• **Task directions**
Both the line with "米粉のホワイトチョコと アーモンド入り抹茶スコーン ¥319" and the line with "El desbordamiento del" in the records below must appear in the output, along with every line between them, exactly and with nothing added.

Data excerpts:
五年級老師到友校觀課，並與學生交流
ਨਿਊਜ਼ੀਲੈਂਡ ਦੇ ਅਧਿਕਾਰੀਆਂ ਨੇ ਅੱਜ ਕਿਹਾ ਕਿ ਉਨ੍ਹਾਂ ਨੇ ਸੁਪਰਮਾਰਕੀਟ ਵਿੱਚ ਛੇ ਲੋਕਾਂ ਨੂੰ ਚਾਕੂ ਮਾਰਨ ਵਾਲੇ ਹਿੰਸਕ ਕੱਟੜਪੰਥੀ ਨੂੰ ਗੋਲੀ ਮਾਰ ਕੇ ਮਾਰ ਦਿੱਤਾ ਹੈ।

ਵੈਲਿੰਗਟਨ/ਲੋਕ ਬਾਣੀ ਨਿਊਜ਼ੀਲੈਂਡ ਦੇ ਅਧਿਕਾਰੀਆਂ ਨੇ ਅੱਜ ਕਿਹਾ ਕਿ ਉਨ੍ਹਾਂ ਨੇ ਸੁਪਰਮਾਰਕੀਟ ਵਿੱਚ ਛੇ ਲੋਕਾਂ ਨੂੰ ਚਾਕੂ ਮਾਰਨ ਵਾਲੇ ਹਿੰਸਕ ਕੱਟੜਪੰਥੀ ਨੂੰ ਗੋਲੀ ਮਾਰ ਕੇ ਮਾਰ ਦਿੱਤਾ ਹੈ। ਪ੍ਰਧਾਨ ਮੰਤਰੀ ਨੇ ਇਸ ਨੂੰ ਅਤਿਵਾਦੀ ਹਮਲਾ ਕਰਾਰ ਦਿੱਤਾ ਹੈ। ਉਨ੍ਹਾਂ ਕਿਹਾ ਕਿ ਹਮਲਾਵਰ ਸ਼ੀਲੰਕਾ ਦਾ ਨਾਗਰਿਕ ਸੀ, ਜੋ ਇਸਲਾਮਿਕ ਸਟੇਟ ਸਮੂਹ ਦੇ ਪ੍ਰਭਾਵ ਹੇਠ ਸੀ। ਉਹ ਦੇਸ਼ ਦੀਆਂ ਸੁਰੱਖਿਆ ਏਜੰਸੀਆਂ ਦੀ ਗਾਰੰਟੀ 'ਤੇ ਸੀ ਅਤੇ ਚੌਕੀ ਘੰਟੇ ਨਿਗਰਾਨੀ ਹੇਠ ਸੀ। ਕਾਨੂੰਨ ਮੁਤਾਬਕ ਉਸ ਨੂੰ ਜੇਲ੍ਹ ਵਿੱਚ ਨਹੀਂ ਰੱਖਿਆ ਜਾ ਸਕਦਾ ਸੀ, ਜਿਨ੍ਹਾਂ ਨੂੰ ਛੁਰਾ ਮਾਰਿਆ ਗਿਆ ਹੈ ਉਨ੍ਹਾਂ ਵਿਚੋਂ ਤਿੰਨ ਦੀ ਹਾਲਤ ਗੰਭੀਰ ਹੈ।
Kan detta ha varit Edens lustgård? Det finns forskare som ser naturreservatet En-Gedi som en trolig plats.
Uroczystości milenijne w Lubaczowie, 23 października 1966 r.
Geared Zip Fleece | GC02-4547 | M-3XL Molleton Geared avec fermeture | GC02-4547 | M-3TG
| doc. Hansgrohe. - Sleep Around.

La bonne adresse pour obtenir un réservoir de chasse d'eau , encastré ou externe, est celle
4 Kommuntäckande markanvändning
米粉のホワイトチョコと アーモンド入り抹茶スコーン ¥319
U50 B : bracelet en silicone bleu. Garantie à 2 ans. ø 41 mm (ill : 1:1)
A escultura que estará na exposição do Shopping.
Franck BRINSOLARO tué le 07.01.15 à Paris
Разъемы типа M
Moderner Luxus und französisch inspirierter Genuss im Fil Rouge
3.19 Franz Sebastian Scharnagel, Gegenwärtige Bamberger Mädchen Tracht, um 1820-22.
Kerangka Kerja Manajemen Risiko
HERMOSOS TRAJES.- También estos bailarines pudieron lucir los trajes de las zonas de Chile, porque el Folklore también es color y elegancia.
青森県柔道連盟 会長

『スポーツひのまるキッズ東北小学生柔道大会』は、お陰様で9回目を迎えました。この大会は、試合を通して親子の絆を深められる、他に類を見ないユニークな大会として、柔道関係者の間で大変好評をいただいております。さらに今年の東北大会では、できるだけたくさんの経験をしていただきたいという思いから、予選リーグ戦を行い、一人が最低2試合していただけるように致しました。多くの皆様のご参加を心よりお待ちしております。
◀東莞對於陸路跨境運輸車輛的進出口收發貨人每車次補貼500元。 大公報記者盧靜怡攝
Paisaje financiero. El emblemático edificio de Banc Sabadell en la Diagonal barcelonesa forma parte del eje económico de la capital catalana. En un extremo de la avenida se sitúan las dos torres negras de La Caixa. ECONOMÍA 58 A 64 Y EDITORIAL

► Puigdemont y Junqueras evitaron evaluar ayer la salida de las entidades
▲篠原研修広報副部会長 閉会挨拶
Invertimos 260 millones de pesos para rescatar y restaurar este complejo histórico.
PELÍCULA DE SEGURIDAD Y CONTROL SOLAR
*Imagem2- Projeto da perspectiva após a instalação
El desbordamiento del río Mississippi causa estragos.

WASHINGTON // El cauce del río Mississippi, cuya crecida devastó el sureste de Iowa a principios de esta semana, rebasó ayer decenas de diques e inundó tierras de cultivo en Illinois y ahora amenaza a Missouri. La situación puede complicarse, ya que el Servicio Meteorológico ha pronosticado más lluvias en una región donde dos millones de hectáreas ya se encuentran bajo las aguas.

• **Exercise solution**
米粉のホワイトチョコと アーモンド入り抹茶スコーン ¥319
U50 B : bracelet en silicone bleu. Garantie à 2 ans. ø 41 mm (ill : 1:1)
A escultura que estará na exposição do Shopping.
Franck BRINSOLARO tué le 07.01.15 à Paris
Разъемы типа M
Moderner Luxus und französisch inspirierter Genuss im Fil Rouge
3.19 Franz Sebastian Scharnagel, Gegenwärtige Bamberger Mädchen Tracht, um 1820-22.
Kerangka Kerja Manajemen Risiko
HERMOSOS TRAJES.- También estos bailarines pudieron lucir los trajes de las zonas de Chile, porque el Folklore también es color y elegancia.
青森県柔道連盟 会長

『スポーツひのまるキッズ東北小学生柔道大会』は、お陰様で9回目を迎えました。この大会は、試合を通して親子の絆を深められる、他に類を見ないユニークな大会として、柔道関係者の間で大変好評をいただいております。さらに今年の東北大会では、できるだけたくさんの経験をしていただきたいという思いから、予選リーグ戦を行い、一人が最低2試合していただけるように致しました。多くの皆様のご参加を心よりお待ちしております。
◀東莞對於陸路跨境運輸車輛的進出口收發貨人每車次補貼500元。 大公報記者盧靜怡攝
Paisaje financiero. El emblemático edificio de Banc Sabadell en la Diagonal barcelonesa forma parte del eje económico de la capital catalana. En un extremo de la avenida se sitúan las dos torres negras de La Caixa. ECONOMÍA 58 A 64 Y EDITORIAL

► Puigdemont y Junqueras evitaron evaluar ayer la salida de las entidades
▲篠原研修広報副部会長 閉会挨拶
Invertimos 260 millones de pesos para rescatar y restaurar este complejo histórico.
PELÍCULA DE SEGURIDAD Y CONTROL SOLAR
*Imagem2- Projeto da perspectiva após a instalação
El desbordamiento del río Mississippi causa estragos.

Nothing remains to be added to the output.